FED policy going forward
Interesting times ahead for Fed watchers.
Some speculate general equity crash is due as the Fed will start reducing its balance sheet from next quarters:
http://www.graceland-updates.com/images/stories/17oct/2017oct3debt1.png
I believe in that scenario interest rates will go up and gold will not rally that much.
On the other hand in the next scenario Jim Rickards believes, Fed will stop tightening, and will maybe ease again
https://dailyreckoning.com/watch-feds-new-guard-not-old/
In that scenario gold can only rally and equities should do well too
Rate Hikes Are not necessarily bad for gold Alex. Quite possibly the opposite. There are other factors to consider as well
I fully agree, as from 2001-2008 rate hikes were positive for gold. Maybe both scenarios are positive for gold
I hear you, I’m just not sure the Fed will allow the market to crash. But i agree it will definitely put a weight on the market and we wont be seeing 11% annual returns on the s&p anymore. Maybe (-4%) to +4%.
are they not unloading the mortgages that they bought up on the cheap and now selling at the high in real estate? Dump them back onto the market and crash the housing bubble. They are and will continue to support the stock market and do not obviously care about housing and interest rates people pay and should continue to sneak them up.
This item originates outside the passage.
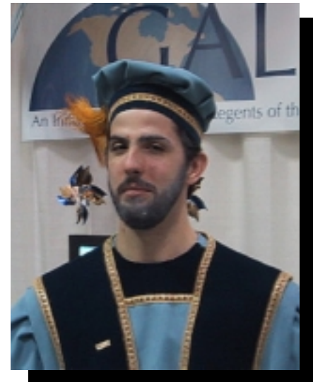
Galileo explores COMO on Halloween.

Rates=risk and perhaps outside forces will also raise rates regardless of fed wishes. Just my 2 cents.
Rate hikes are “good for gold” when the Fed is BEHIND THE CURVE ..
ie, raising rates too slowly, allowing real rates to fall.
(That could happen if the CRB bull really gets underway, as in the 70s)
Leisman today citing Admin sources said Kashkari is off the list. He was the biggest dove name being tossed around.